Король Фридрих, покашливая, отвечал довольно вяло, что Иржик, может быть, не так уж страшен, что даже нынешний епископ сиенский Эней Сильвий хорошего мнения о нем и связывает с ним надежду на восстановление в Чехии истинной веры. У него прекрасные манеры, приятная речь, и его слову можно верить! Сам король Фридрих готов это подтвердить, так как несколько раз ему случалось лично в этом убедиться.
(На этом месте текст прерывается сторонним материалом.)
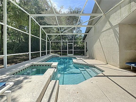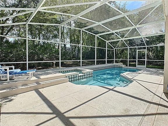 Great 3 bedroom 2 bath pool home in the low HOA community of Sunridge Woods. This home has a large pool and spa with covered lanai and private rear garden. There is an open foyer leading in to a large open plan family room/dining room. The kitchen has a charming breakfast nook area and an inside laundry. The master bedroom has a great size walk in closet and ensuite bathroom with separate tub and shower and double vanity. Roof was replaced in 2015 and the pool/spa resurfaced in 2015. Home will benefit from some cosmetic upgrades and seller is offering a credit to buyer. Unique opportunity to buy the best value pool home in this popular well located Davenport Community, make your appointment today!
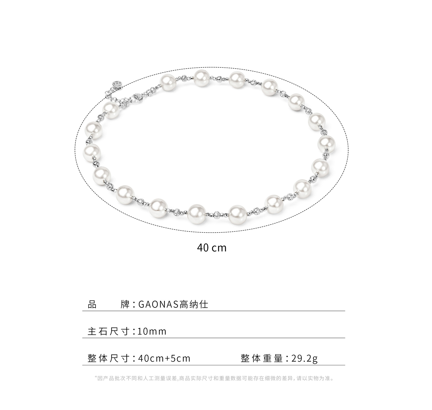 GAONAS 时尚百搭10mm白色珠项链11447XW
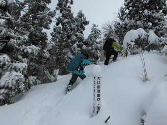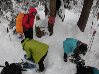 優しい岩城君は、破損した「山ノ神」のスノーシュー を履き、自分の物を「山ノ神」に貸してくれた。 |
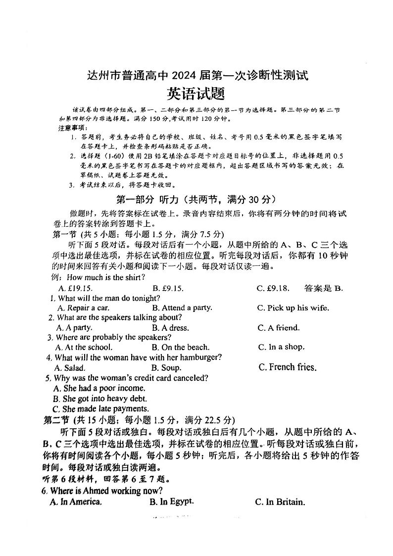 四川省达州市普通高中2024届高三上学期第一次诊断性考试英语
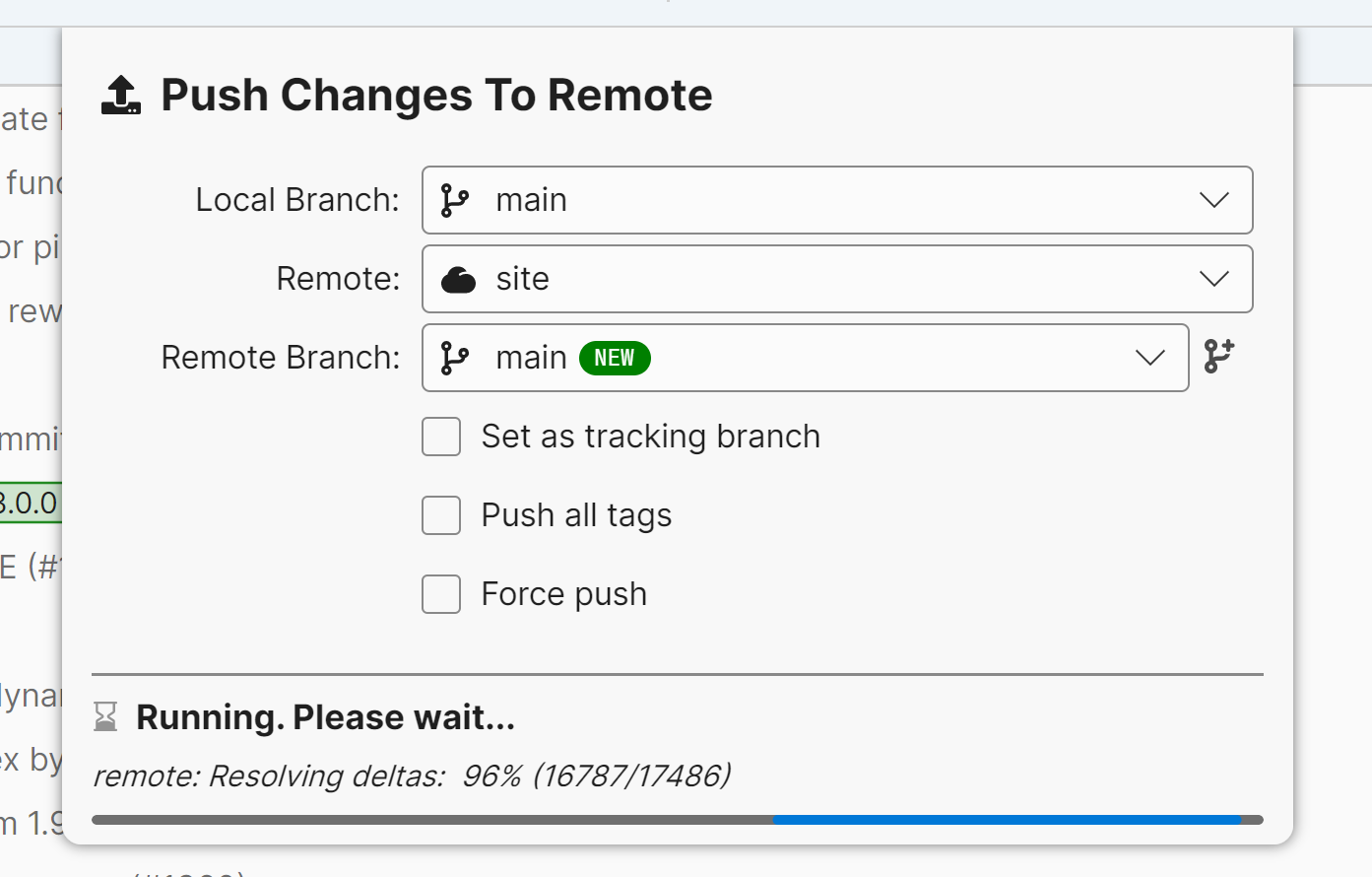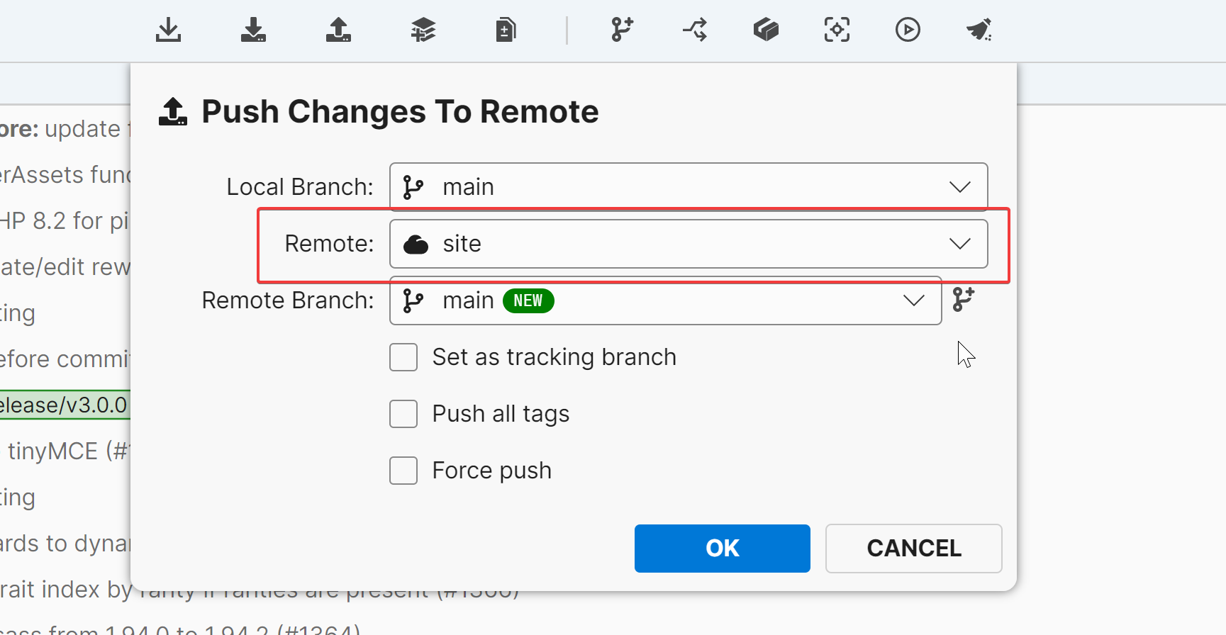 Change the "Remote" from whatever it was previously to site. "Local branch" and "remote branch" should both be selected as main. For example:

А вот рожмберкским, несомненным католикам, верить нельзя, и если они что-нибудь обещают, нужно внимательно следить, чтоб они свои слова не истолковывали потом навыворот.
— Ну что ж, король, якшайся с еретиком. Он заплатит тебе фальшивой монетой! Ты, король, не должен данное ему слово держать, потому что слово, данное еретику, уже грех! А коснеть в грехе — значит противиться духу святому.
Так говорил монах, расстегнув ворот суровой рубахи и почесывая поросшую седыми волосами голую грудь. Потом он опять приветливо улыбнулся, сразу став похожим на папского легата, надевшего из тщеславия миноритскую власяницу. Поднял бокал и выпил за здоровье короля. За здоровье и с пожеланием счастливого пути в Рим и за прекрасной Элеонорой[98], невестой, какой вот уже много столетий не было ни у одного императора.
Палечек двигался по следам Капистрана до лесов у Витораз, где он узнал, что монах проповедует против чешского короля даже по деревням. Но от Витораз Капистран повернул на Моравию.
А Палечек и Матей Брадырж продолжали свой путь в Чехию.
Брадырж роптал. Разве такая слава у чехов в мире, и как это возможно, чтобы в Моравию проникали всякие монахи Иорданы и прочая папская сволочь? Тогда и возвращаться не стоит: лучше опять назад в ласковую Италию либо в Венгрию, к тамошним братикам.
Рыцарь Палечек не отвечал.
Преодолев полосу лесистых вершин и миновав деревни, расположенные на землях рожмберкских, они доехали до Крумлова, даже не почувствовав, что уже дома.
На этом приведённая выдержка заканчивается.